Experience from both developed countries as well as emerging economies since the global financial crisis (GFC) has shown that exit from an easy money policy is quite tricky in terms of both calibrating the trajectory as well as communication. In our own case, as I have admitted before, we were slower in reversing the crisis-driven easy money policy. But you must remember that we were operating in real time within the universe of knowledge available to us. For example, we were acting on real time data which showed that growth was slow whereas corrections afterwards showed that growth recovery was faster than we were led to believe. Also, we had to reckon with uncertainty in the global financial system triggered first by the global financial crisis and later by the eurozone sovereign debt crisis.
The financial instability following Covid was different from the financial instability following the Lehman collapse in many ways. The GFC originated in the financial sector and central banks had to be in the frontline finding a solution. In the case of Covid though, the origin was a cause outside the financial system and a solution had to come from science. Meanwhile, central banks had to maintain financial stability. That said, I believe the RBI handled the situation doing Covid and after it with great dexterity.
There have been differences between RBI and govt, starting with YV Reddy and P Chidambaram, between you and Chidambaram and Pranab Mukherjee, and then between Arun Jaitley and Urjit Patel and Raghuram Rajan. Has Shaktikanta Das learnt from his predecessors, and we do not see the tensions spilling over into the public domain?

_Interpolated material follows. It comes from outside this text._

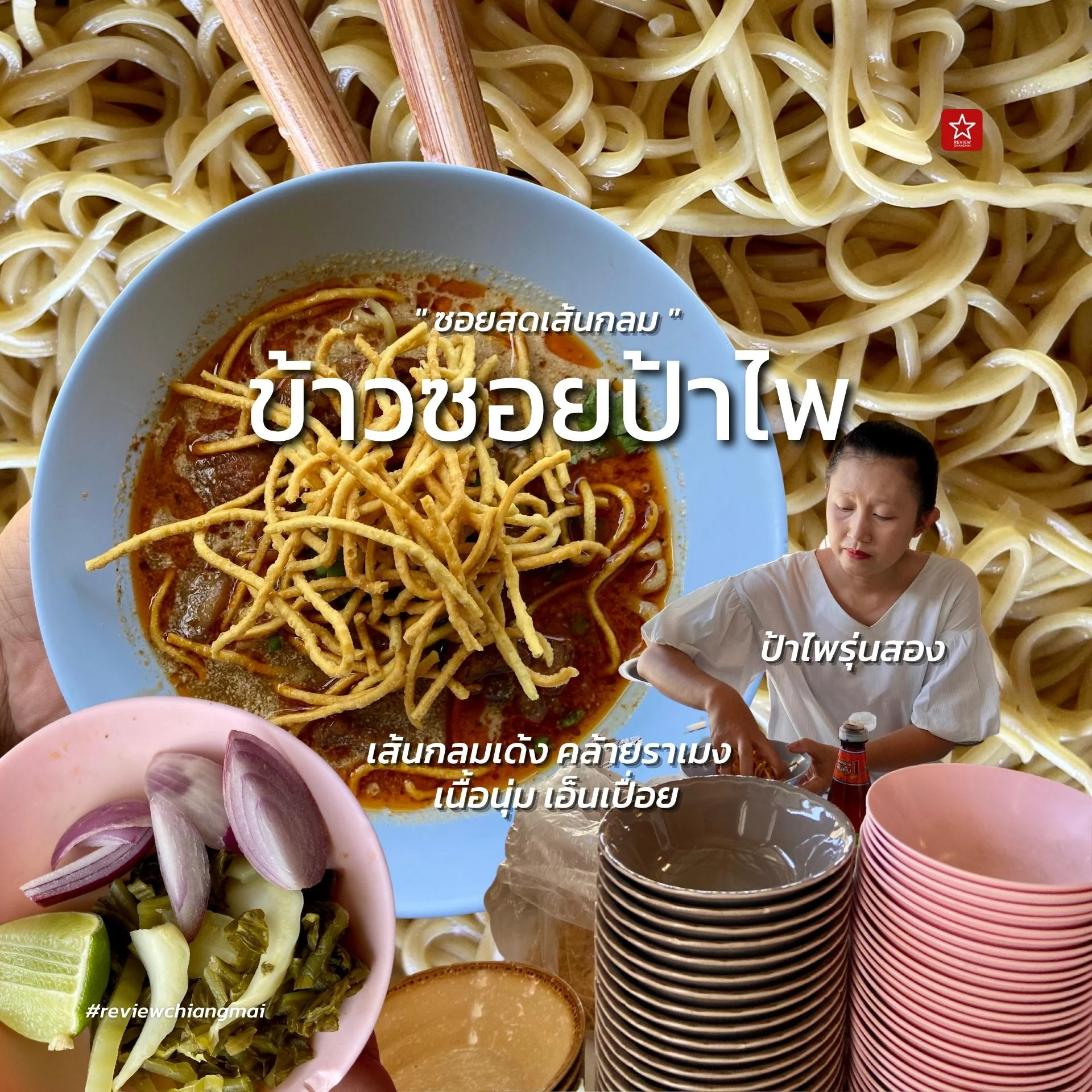 ร้านข้าวซอยป้าไพ – อยู่บริเวณย่านชุมชนมุสลิม โดยตอนนี้มีรุ่นสองอย่าง พี่หนึ่ง คอยดูแลแทนคุณป้าไพ แม้จะเป็นรุ่นสองแต่บอกเลยว่ารสมือความอร่อยไม่ได้เปลี่ยนไปแม้แต่น้อย เส้นข้าวซอยของที่นี่จะยังคงเป็นเส้นสด ที่นำมาลวกน้ำร้อนๆรอบต่อรอบ ใครมาได้แล้วทกินในรอบที่เขาเพิ่งลวกใหม่ๆ คือเดอร์เบส เส้นข้าวซอยของที่นี้เป็น “เส้นกลม” รับมาจากร้านที่รู้จักกันมานาน เวลากินให้ความรู้สึกเหมือนกินเส้นราเมงเด้งๆ ในน้ำข้าวซอยรสชาติกลมกล่อม ที่ราดด้วยหางกะทิ ตัวเนื้อเองถูกเคี้ยวรวมไปกับน้ำซุป ทำให้ทั้งเนื้อและเอ็น เปื่อยนุ่ม เคี้ยวหนุบหนับกำลังดี เครื่องเคียงที่นี่ก็ใช้ได้ ทั้งผักกาดดอง หอมแดงผ่าน พริกเผ็ดถึงใจ นอกจากข้าวซอย ทางหน้าร้าน มีร้านเกี๊ยวขายด้วยนะ มีทั้งเกี๊ยวซ่าไส้ไก่ ไส้แกงกะหรี่ไก่ ไส้กระเพราไก่ (สองรสหลังนี้ต้องโทรมาสั่งล่วงหน้ากับพี่นกก่อน) กินคู่กับข้าวซอยร้านป้าไพ คือเดินออกไปแบบสุขกาย สบายท้อง อยากบอกว่าทั้งเจ้าของร้านทั้งพี่หนึ่งและพี่นก ใจดี น่ารัก เป็นกันเองมาก

Differences between governments and central banks are in some sense hardwired into the system. The rationale for central banks, in fact, is that maintaining financial and monetary stability requires some politically difficult decisions which cannot be left to governments which are driven by short-term political compulsions and electoral cycles. These differences are not unique to India. We have seen these differences play out in several countries. Recall that President Trump said things like ‘the Fed has gone crazy; ‘the Fed, and not China, is our number one enemy’. Senior President Bush blamed then Fed chairman Greenspan for losing his re-election.
There were differences between the government and the RBI here in our country too as you have recounted. What is important is that there be mechanisms for resolving these differences without allowing them to blow up and vitiate the policy atmosphere.
You asked about the current dispensation. I find it difficult to believe that there were no differences between the government and the RBI, but at least they managed them internally and quietly. Also, you must note that the fuel for friction is limited in the current context when growth is streaming along, inflation is low, the rupee is steady and financial stability is not a concern.